__Instructions for the task__. What you give must be the lines from the one containing "合唱 朝練習始まりました! 2−B" through the last line of the listing below, exactly, with nothing else and no pictures.

__Dataset section__.
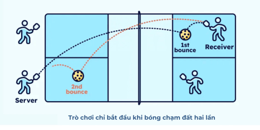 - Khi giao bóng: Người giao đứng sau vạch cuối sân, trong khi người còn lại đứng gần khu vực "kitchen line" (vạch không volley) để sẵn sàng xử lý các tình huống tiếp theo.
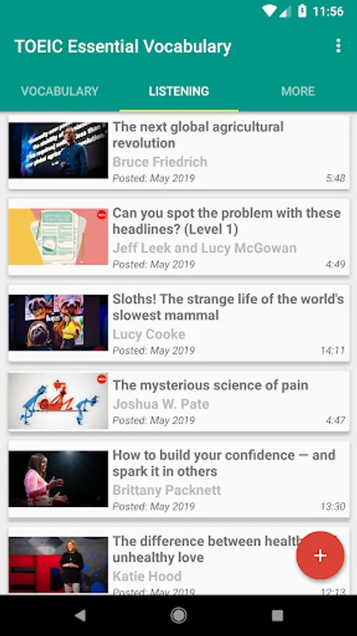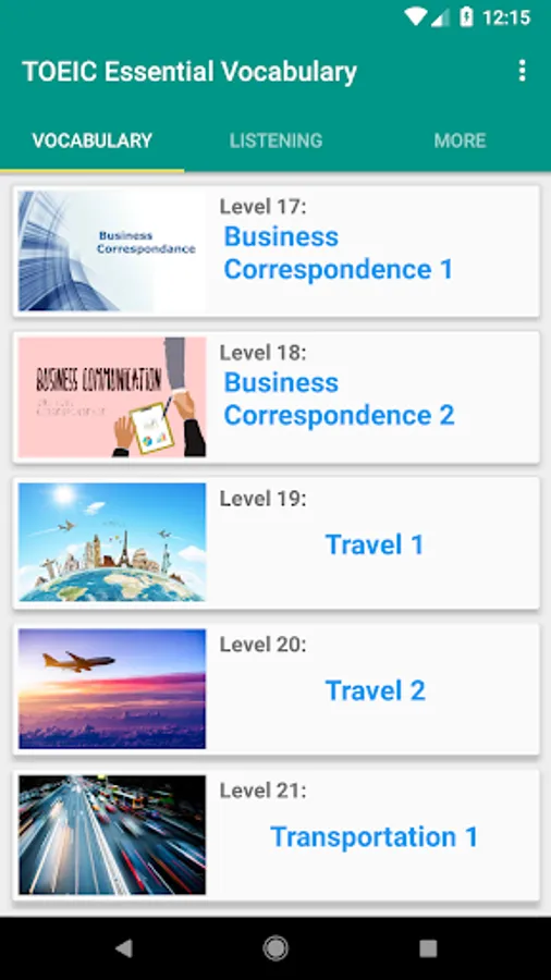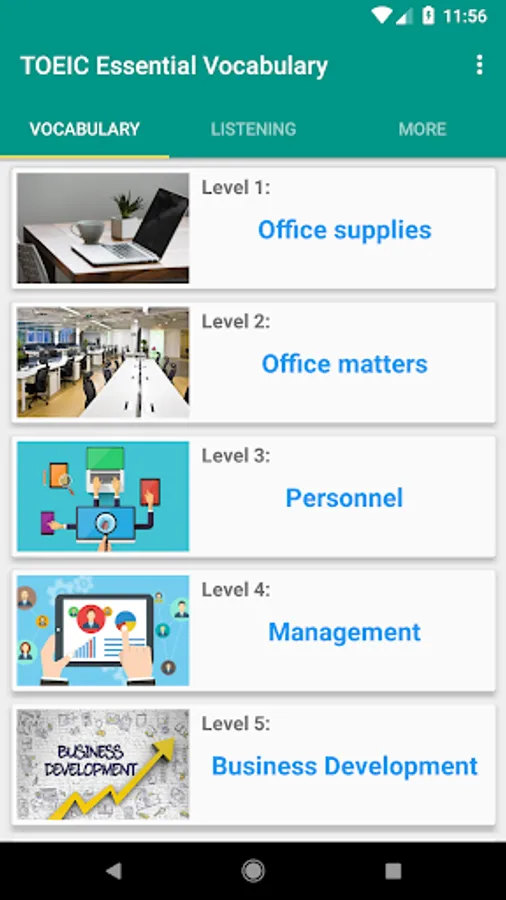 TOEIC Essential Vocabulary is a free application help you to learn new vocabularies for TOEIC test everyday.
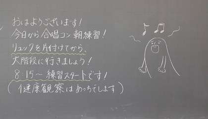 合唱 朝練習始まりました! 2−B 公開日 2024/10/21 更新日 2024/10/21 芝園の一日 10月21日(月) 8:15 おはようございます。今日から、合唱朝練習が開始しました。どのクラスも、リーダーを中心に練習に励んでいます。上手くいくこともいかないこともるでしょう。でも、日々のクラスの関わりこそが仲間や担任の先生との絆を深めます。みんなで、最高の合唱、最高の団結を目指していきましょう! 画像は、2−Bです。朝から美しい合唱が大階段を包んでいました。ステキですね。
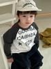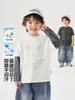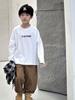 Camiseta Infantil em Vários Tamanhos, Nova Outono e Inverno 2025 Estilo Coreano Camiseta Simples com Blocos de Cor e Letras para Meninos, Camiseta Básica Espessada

__Solution to this problem__.
 合唱 朝練習始まりました! 2−B 公開日 2024/10/21 更新日 2024/10/21 芝園の一日 10月21日(月) 8:15 おはようございます。今日から、合唱朝練習が開始しました。どのクラスも、リーダーを中心に練習に励んでいます。上手くいくこともいかないこともるでしょう。でも、日々のクラスの関わりこそが仲間や担任の先生との絆を深めます。みんなで、最高の合唱、最高の団結を目指していきましょう! 画像は、2−Bです。朝から美しい合唱が大階段を包んでいました。ステキですね。
 Camiseta Infantil em Vários Tamanhos, Nova Outono e Inverno 2025 Estilo Coreano Camiseta Simples com Blocos de Cor e Letras para Meninos, Camiseta Básica Espessada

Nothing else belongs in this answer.